___ Supplied entries

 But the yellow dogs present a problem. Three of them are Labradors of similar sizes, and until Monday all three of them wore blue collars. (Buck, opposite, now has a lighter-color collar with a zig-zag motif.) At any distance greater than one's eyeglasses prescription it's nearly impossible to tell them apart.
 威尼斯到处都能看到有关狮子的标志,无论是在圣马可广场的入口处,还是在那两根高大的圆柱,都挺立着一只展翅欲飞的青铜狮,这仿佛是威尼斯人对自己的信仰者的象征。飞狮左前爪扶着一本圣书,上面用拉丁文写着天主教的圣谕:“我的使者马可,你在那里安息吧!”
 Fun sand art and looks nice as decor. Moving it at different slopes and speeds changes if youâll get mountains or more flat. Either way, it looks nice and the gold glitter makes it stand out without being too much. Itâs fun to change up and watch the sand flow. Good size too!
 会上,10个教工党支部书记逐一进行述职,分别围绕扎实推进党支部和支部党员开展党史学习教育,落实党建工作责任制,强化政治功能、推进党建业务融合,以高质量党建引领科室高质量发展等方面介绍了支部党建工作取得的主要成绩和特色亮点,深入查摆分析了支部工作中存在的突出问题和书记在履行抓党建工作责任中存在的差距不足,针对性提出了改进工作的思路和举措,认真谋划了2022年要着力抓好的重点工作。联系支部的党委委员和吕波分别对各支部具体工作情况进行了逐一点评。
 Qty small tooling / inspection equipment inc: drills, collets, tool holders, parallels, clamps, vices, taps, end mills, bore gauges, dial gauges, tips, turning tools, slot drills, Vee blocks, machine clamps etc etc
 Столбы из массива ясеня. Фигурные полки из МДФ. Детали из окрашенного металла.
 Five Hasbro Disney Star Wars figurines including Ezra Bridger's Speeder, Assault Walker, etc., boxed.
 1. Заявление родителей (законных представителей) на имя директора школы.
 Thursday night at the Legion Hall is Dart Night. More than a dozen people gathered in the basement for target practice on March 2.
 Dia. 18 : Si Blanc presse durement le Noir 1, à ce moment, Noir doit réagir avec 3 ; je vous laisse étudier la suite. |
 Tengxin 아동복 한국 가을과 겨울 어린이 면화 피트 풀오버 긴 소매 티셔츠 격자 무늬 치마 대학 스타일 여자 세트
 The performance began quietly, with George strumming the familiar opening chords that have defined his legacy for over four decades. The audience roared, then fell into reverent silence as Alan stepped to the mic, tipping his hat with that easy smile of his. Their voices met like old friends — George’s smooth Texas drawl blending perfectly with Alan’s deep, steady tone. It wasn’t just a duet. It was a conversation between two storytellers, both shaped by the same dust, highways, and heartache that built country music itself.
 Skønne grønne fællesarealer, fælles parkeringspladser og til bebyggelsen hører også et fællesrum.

______

Would you please print every record exactly as written?

 But the yellow dogs present a problem. Three of them are Labradors of similar sizes, and until Monday all three of them wore blue collars. (Buck, opposite, now has a lighter-color collar with a zig-zag motif.) At any distance greater than one's eyeglasses prescription it's nearly impossible to tell them apart.
 威尼斯到处都能看到有关狮子的标志,无论是在圣马可广场的入口处,还是在那两根高大的圆柱,都挺立着一只展翅欲飞的青铜狮,这仿佛是威尼斯人对自己的信仰者的象征。飞狮左前爪扶着一本圣书,上面用拉丁文写着天主教的圣谕:“我的使者马可,你在那里安息吧!”
 Fun sand art and looks nice as decor. Moving it at different slopes and speeds changes if youâll get mountains or more flat. Either way, it looks nice and the gold glitter makes it stand out without being too much. Itâs fun to change up and watch the sand flow. Good size too!
 会上,10个教工党支部书记逐一进行述职,分别围绕扎实推进党支部和支部党员开展党史学习教育,落实党建工作责任制,强化政治功能、推进党建业务融合,以高质量党建引领科室高质量发展等方面介绍了支部党建工作取得的主要成绩和特色亮点,深入查摆分析了支部工作中存在的突出问题和书记在履行抓党建工作责任中存在的差距不足,针对性提出了改进工作的思路和举措,认真谋划了2022年要着力抓好的重点工作。联系支部的党委委员和吕波分别对各支部具体工作情况进行了逐一点评。
 Qty small tooling / inspection equipment inc: drills, collets, tool holders, parallels, clamps, vices, taps, end mills, bore gauges, dial gauges, tips, turning tools, slot drills, Vee blocks, machine clamps etc etc
 Столбы из массива ясеня. Фигурные полки из МДФ. Детали из окрашенного металла.
 Five Hasbro Disney Star Wars figurines including Ezra Bridger's Speeder, Assault Walker, etc., boxed.
 1. Заявление родителей (законных представителей) на имя директора школы.
 Thursday night at the Legion Hall is Dart Night. More than a dozen people gathered in the basement for target practice on March 2.
 Dia. 18 : Si Blanc presse durement le Noir 1, à ce moment, Noir doit réagir avec 3 ; je vous laisse étudier la suite. |
 Tengxin 아동복 한국 가을과 겨울 어린이 면화 피트 풀오버 긴 소매 티셔츠 격자 무늬 치마 대학 스타일 여자 세트
 The performance began quietly, with George strumming the familiar opening chords that have defined his legacy for over four decades. The audience roared, then fell into reverent silence as Alan stepped to the mic, tipping his hat with that easy smile of his. Their voices met like old friends — George’s smooth Texas drawl blending perfectly with Alan’s deep, steady tone. It wasn’t just a duet. It was a conversation between two storytellers, both shaped by the same dust, highways, and heartache that built country music itself.
 Skønne grønne fællesarealer, fælles parkeringspladser og til bebyggelsen hører også et fællesrum.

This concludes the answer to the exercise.